A mainland Chinese student visited my office last week, asking for a letter of recommendation for his transfer to another university. It is hard to lose a student like this—enthusiastic and bright, the sort who sits on the front row of a large auditorium lecture class and asks good questions.

He gave the usual reasons for wanting to transfer: he liked Pepperdine, of course, but it did not offer the technically specialized majors he or his parents were seeking. When asked where he was applying, he listed some elite east-coast schools, but he seemed most interested in two Hong Kong universities. When asked why, he mentioned a girlfriend, but emphasized that he had a cousin back in China to whom he was extremely close: “he is like a brother to me.” 
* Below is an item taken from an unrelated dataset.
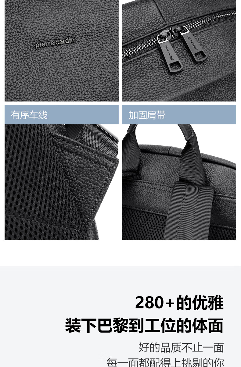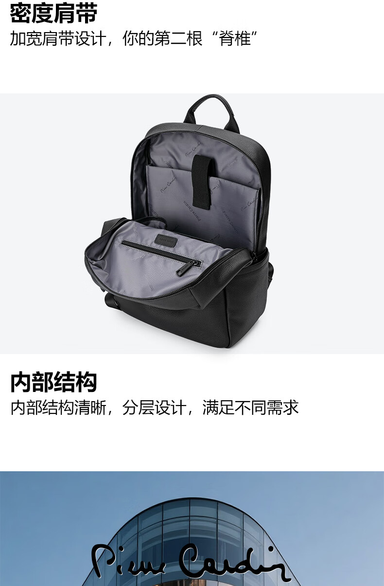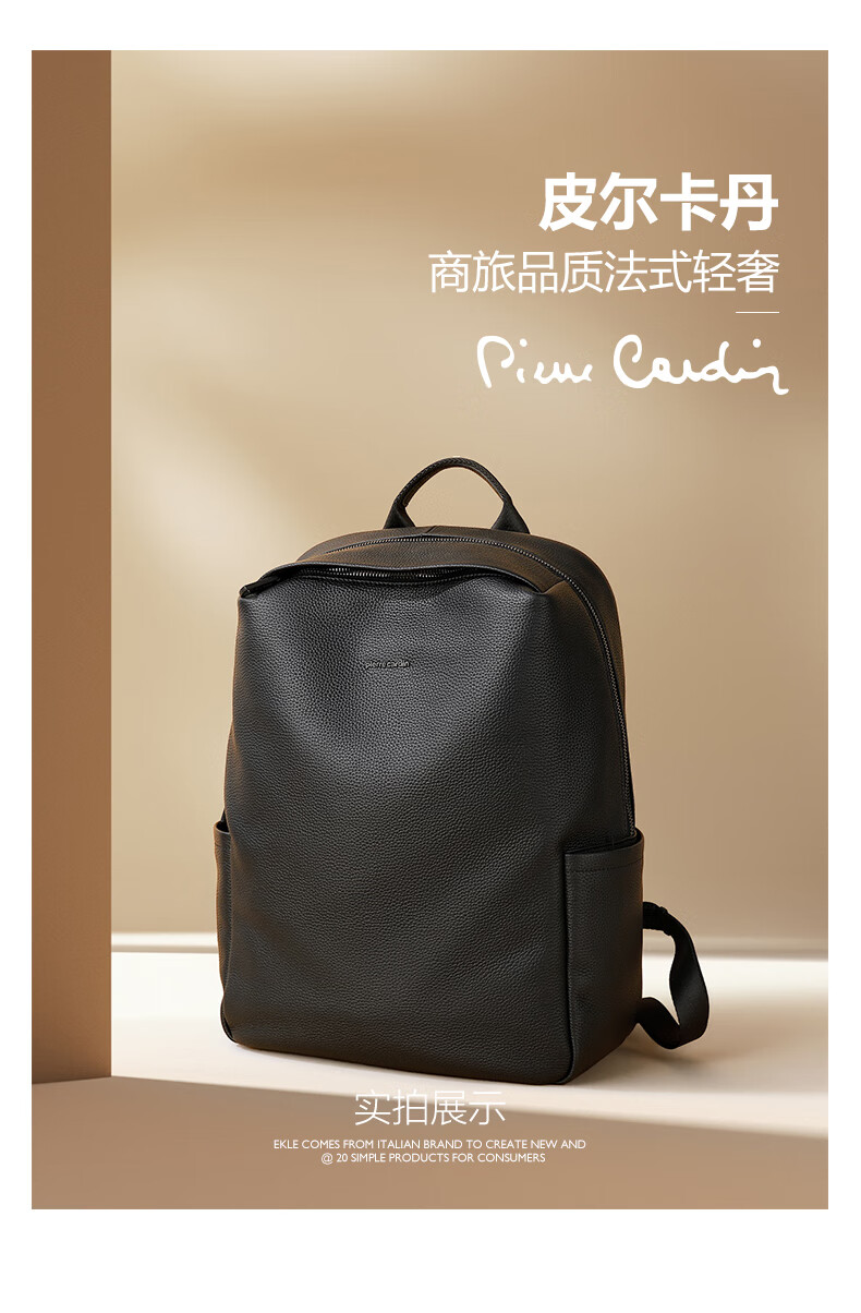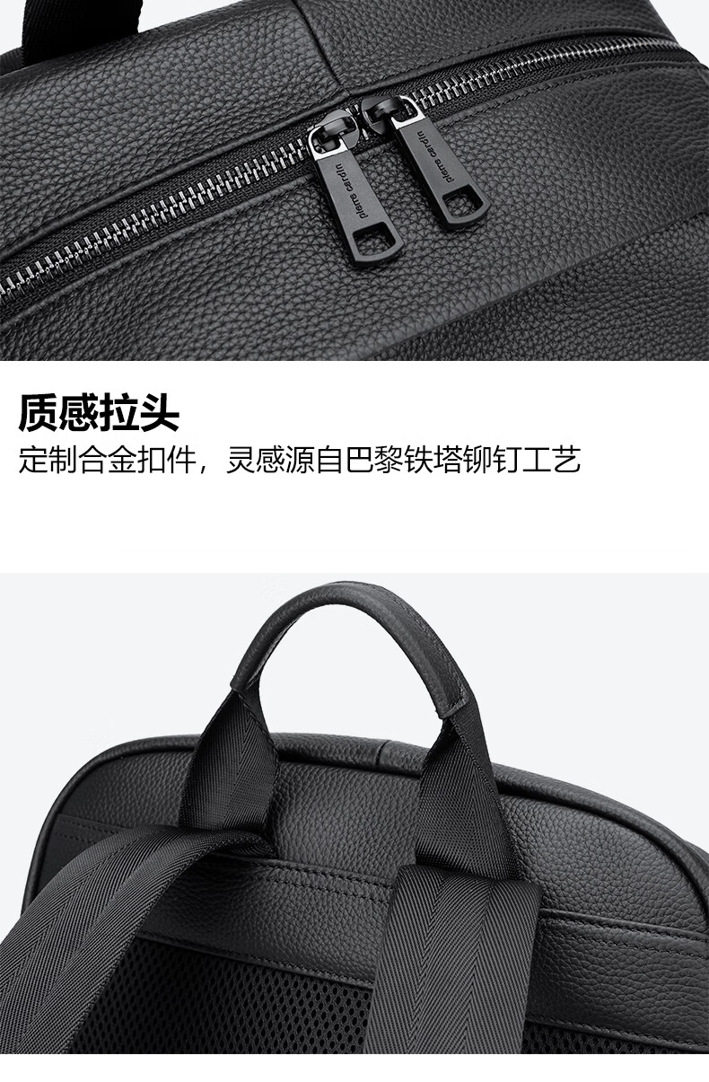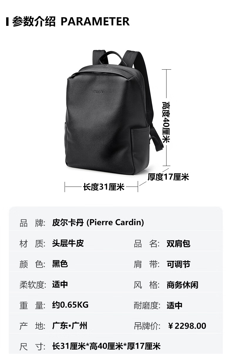 皮尔卡丹真皮大容量双肩包男头层牛皮旅商务出差电脑背包防泼水时尚旅行包 黑色【品牌正品-假一罚十】 长度31厘米高度40厘米厚度17厘米

Since our conversation I keep returning in my thoughts to this student’s strong tie to his cousin. It is not unusual for cousins to be very close, of course, but that is not what is so striking in this case. I have been privileged to know many mainland Chinese students over the last two decades at Pepperdine, but none has ever mentioned so much as a brother or a sister, much less a cousin. On one side of this student’s family, his grandparents brought two children into the world in the teeth of a one-child policy backed by a totalitarian state. I don’t know any details of how they managed it—through connections, wealth, or endurance amid persecution—only that they did. In bearing the cost, they realized a gift for themselves, and perhaps were aware that they were giving each of their children the gift of a sibling. I wonder if they realized what a gift they were giving to their grandson: a cousin who was “like a brother” to someone who had no brother or sister. 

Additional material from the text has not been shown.